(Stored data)
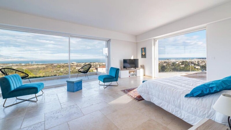 Exceptional sea views from Nice to Cap d'Antibes for this beautiful new villa (built in 2021), in a quiet and residential environment, Accommodation comprising, on the first floor, an entrance hall with guest toilet, a double reception room, a dining room, a vast separate fitted kitchen opening onto a partially covered terrace, a spacious ground-level bedroom with shower room, toilet and dressing room. Upstairs are two bedrooms with en suite shower rooms and toilets, a master bedroom with dressing room and open shower room, separate toilet, dressing room and private terrace. Very large basement with play room/billiard room (home cinema possible), the first of 2 pools an indoor swimming pool (chlorine) and fitness area, laundry room and technical rooms. A shower room, separate toilet, spare bedroom or office with staircase to ground-floor bedroom complete this level. Beautiful flat landscaped grounds adorned with a large swimming pool that can be heated. Plenty of parking (possibility of carport); technical room and tool storage. Double-glazing, underfloor heating, reversible air-conditioning, alarm, central vacuum system, automatic watering, outdoor lighting. The property is under a ten-year company guarantee. Contact us today to find out more.
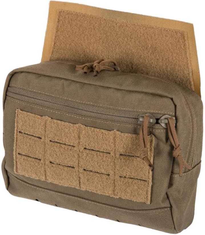 Sporym problemem, z jakim boryka się każdy noszący plate carrier w połączniu z pasem, jest czasami brak możliwości zamontowania czegokolwiek na froncie tego drugiego. Dlatego przy projektowaniu SPITFIRE® MK II pomyśleliśmy także o kieszeni, mocowanej bezpośrednio na rzepie plate carriera i zwisającej tuż pod płytą. Kieszeń ta pomieści wszystko, czego możesz potrzebować – niewielką kurtkę, telefon, zapasowe zatyczki do uszu, magazynki pistoletowe, a nawet wkłady od jednej z naszych apteczek. Z przodu umieszczony jest rzep na naszywki, jak również niewielki panel systemu modułowego kompatybilnego z MOLLE/PALS. Sama kieszeń wykonana została przede wszystkim z Cordury® 500D, dzięki czemu jest nie tylko wytrzymała, ale również lekka. Kieszeń ta będzie doskonałym dodatkiem nie tylko do twojej „cięższej” konfiguracji, ale także do mniejszych zestawów pod CQB, gdzie większość twojego wyposażenia powinna znajdować się z przodu. Cechy: System modułowy z przodu Kompatybilny zarówno ze SPITFIRE MK II jak i SPITFIRE oraz HELLCAT Plate Carrier Wykonany z laminatu oraz Cordury® 500D Doczepiany bezpośrednio do rzepa na plate carrierze Rzep z przodu
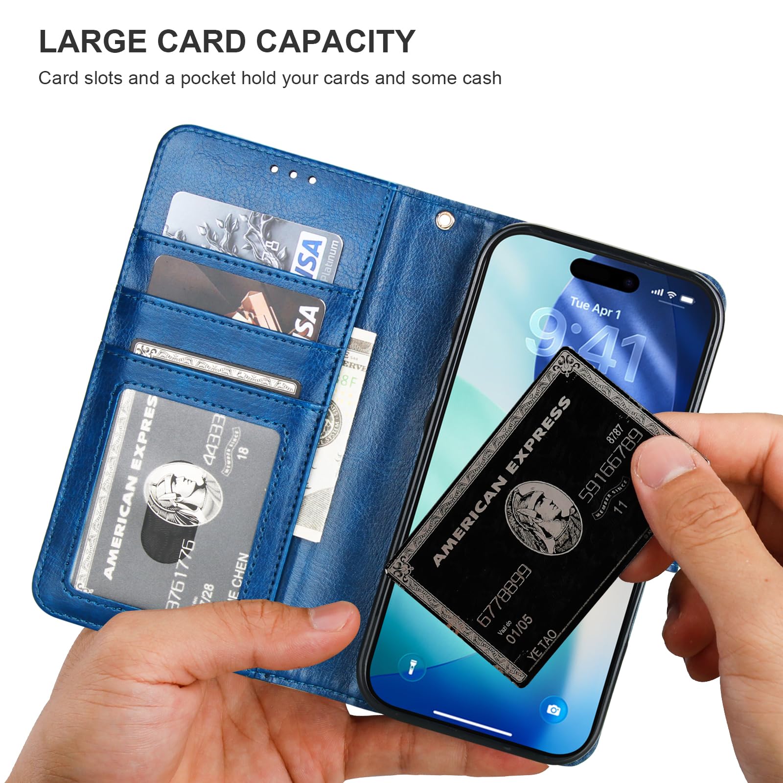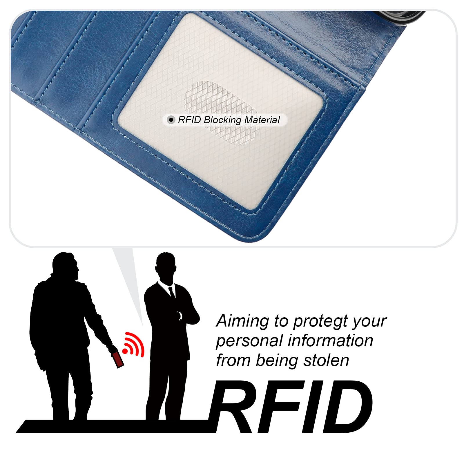 【Card Slots with RFID Protection】This protective flip case with 3 card slots and a cash pocket can store little cash and your cards like ID card, credit card, driver's license, and so on. What's more, the built-in RFID blocking material can protect your cards from being read and copied through radio signals with RFID technology.
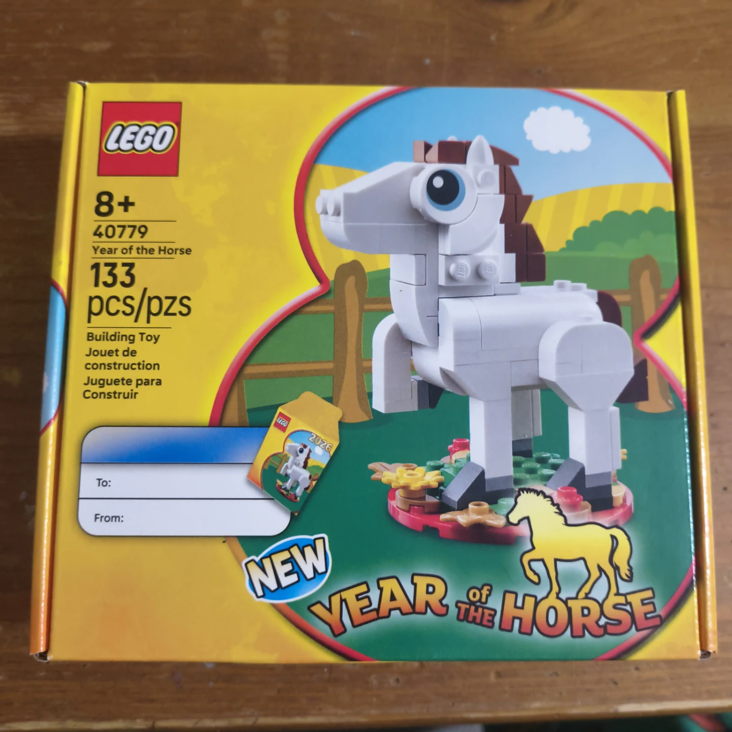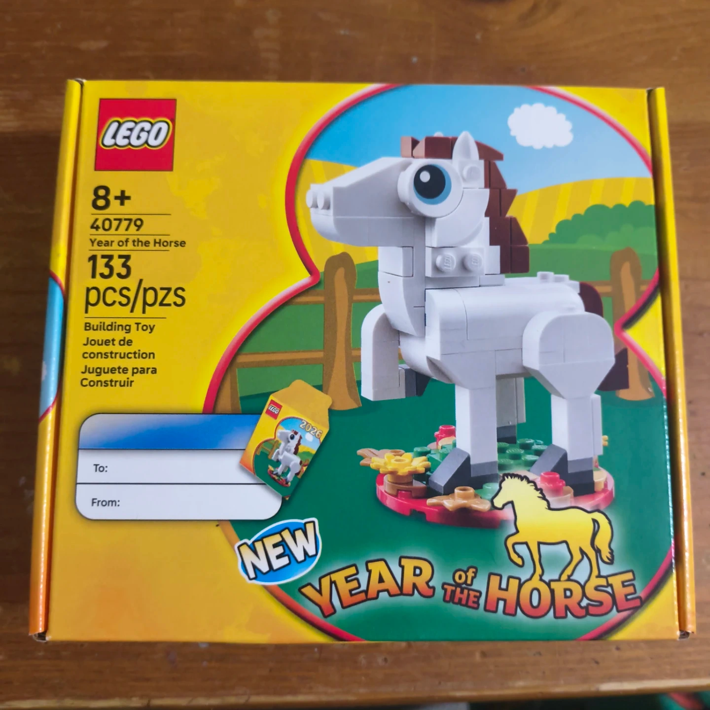 Selling a brand new LEGO set, number 40779, Year of the Horse! It's still sealed in the box and ready to be built. This set is recommended for ages 8 and up and contains 133 pieces. Perfect for LEGO enthusiasts or as a gift!
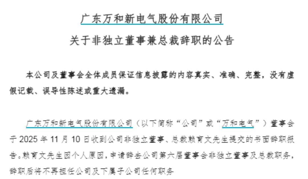 11月10日晚间,万和电气公告称,公司总裁赖育文先生因个人原因,申请辞去公司第六届董事会非独立董事及总裁职务,辞职后将不再担任公司及下属子公司任何职务。
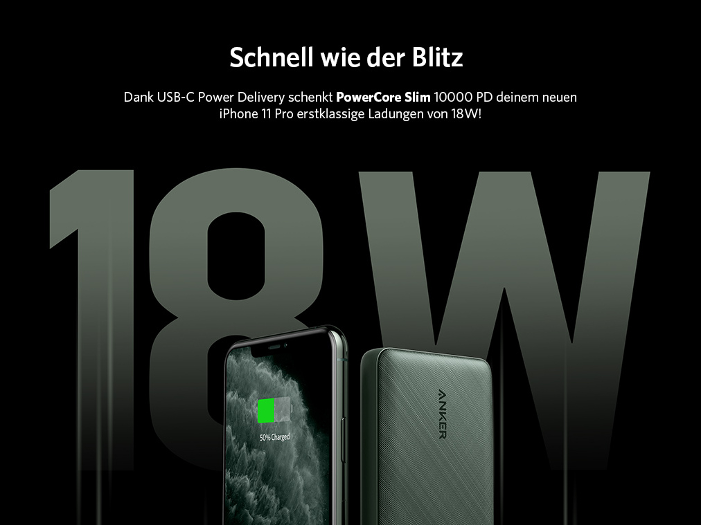 Die schlanke 18-Watt-Powerbank mit einer Bruttokapazität von 10.000 mAh ist 14 Millimeter flach, wiegt 213 Gramm und lädt das iPhone 11 Pro laut Herstellerangaben in 30 Minuten auf eine Kapazität von rund 50 Prozent auf. Das 1,8 Meter lange und zertifizierte High-Speed-Ladekabel ist MFi-kompatibel und soll mehr als 12.000 Biegungen ohne Schäden überstehen.
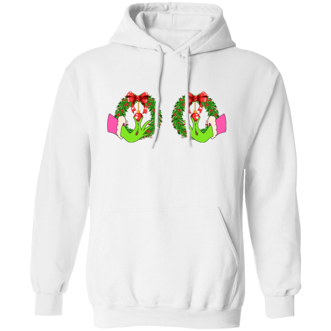 Funny Christmas, Grinch's Hands On The Boobs, Merry Titsmas, Merry Christmas, Trendy Chrismas Pullover Hoodie

Exercise = Leaving the pictures aside, transcribe exactly the lines from the one containing "11月10日晚间,万和电气公" to the final line of the entries above, both ends included.

Task solution =
 11月10日晚间,万和电气公告称,公司总裁赖育文先生因个人原因,申请辞去公司第六届董事会非独立董事及总裁职务,辞职后将不再担任公司及下属子公司任何职务。
 Die schlanke 18-Watt-Powerbank mit einer Bruttokapazität von 10.000 mAh ist 14 Millimeter flach, wiegt 213 Gramm und lädt das iPhone 11 Pro laut Herstellerangaben in 30 Minuten auf eine Kapazität von rund 50 Prozent auf. Das 1,8 Meter lange und zertifizierte High-Speed-Ladekabel ist MFi-kompatibel und soll mehr als 12.000 Biegungen ohne Schäden überstehen.
 Funny Christmas, Grinch's Hands On The Boobs, Merry Titsmas, Merry Christmas, Trendy Chrismas Pullover Hoodie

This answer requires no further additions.